Not to say that this unit is without its drama, but even that showed our cohesiveness. When one person tried to stir the pot, it made the rest of us even closer. We learned who are friends were, and what was good for our group. We stood together proud of ourselves, proud of our Marines, proud to be Marine wives, and not afraid to tell the world.


We’re closing in on homecoming now, and it seems the chaos has changed type. Plans are being made by wives not in the area, to move here. Parties are being held to make banners for loved ones. Baby showers are being thrown for little ones that just can’t wait for daddy. Wives are reuniting and resparking friendships. Or meeting for the first time, and finding kindred spirits.


Pre-homecoming Meet and Greets are in the organizational stages. And I’ve already had more than one wife (or mother) tell me that this isn’t their first deployment, but it is the first get together of this type. I would love to meet the person standing next to me, waiting to charge the busses, before that day. To have a chance to share stories in a more relaxed setting. (Of course, preferably one where I’m able to stuff my face.) So that when we’re standing there Homecoming day, I’m not afraid to spark a conversation and make the time fly by faster.

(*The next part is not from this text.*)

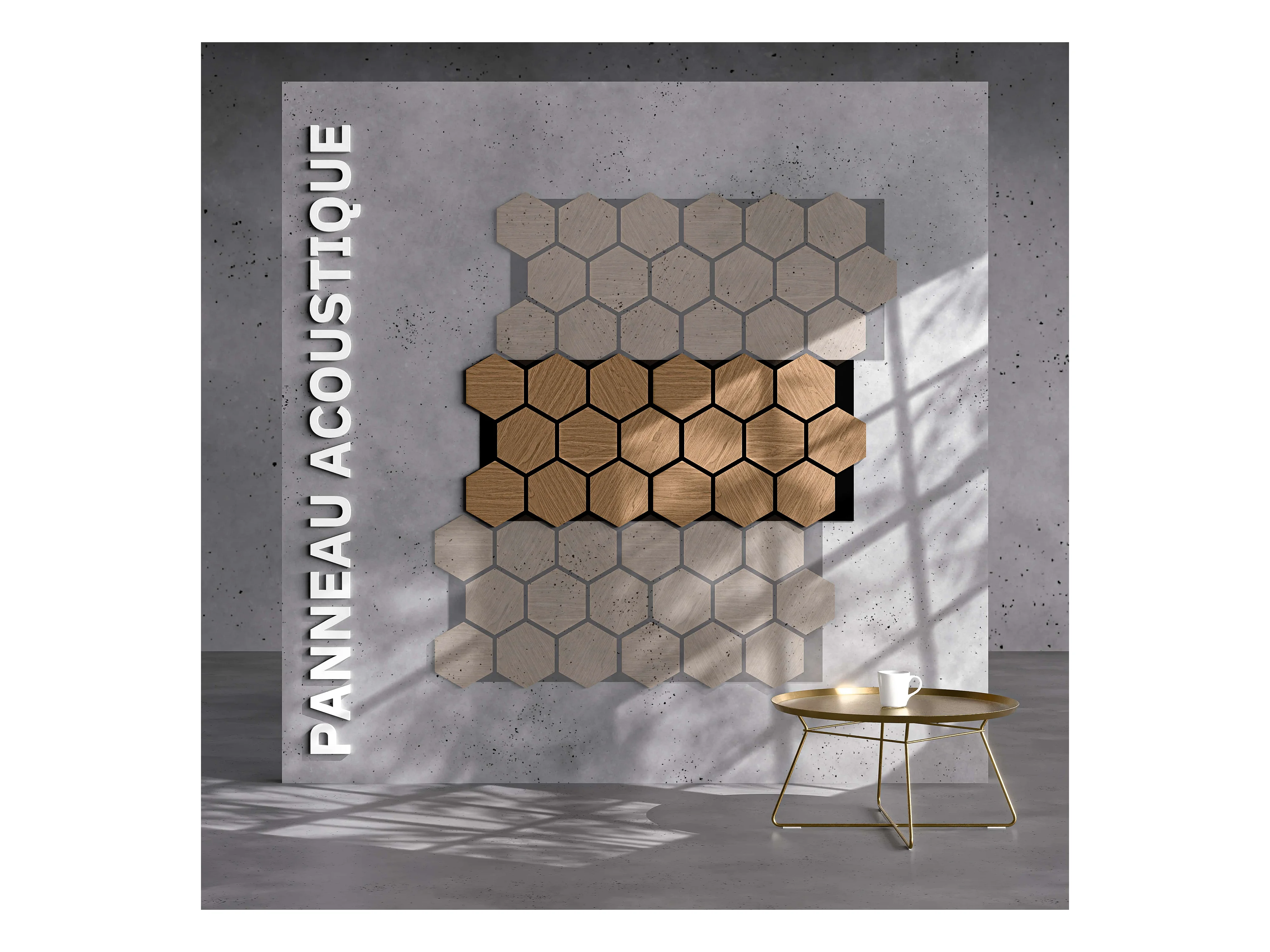 Lot de 2 Panneaux Hexagonaux H. 76 cm L. 62 cm - Chêne Brun Feutre Noir

It’s been a long week, I’m quite tired. But I find comfort in knowing that I have a telephone full of numbers that I can call to find a sitter if I need a moment. Or if I need someone to listen as I vent about the week’s hardships. I also relish in knowing that all those people in my contact list, or out in the Facebook world, know that they can call on me at any time. Be it at 1430 or 0230, I will always answer.


I could not have made it through this deployment without the constant support and reassurance I get from those ladies. Thank you CLB-6 sisters, for reminding me that not all the horror stories about us are true. The Marine Corps is a family. A small, at times, very tight knit family. And it’s almost time for a Family Reunion.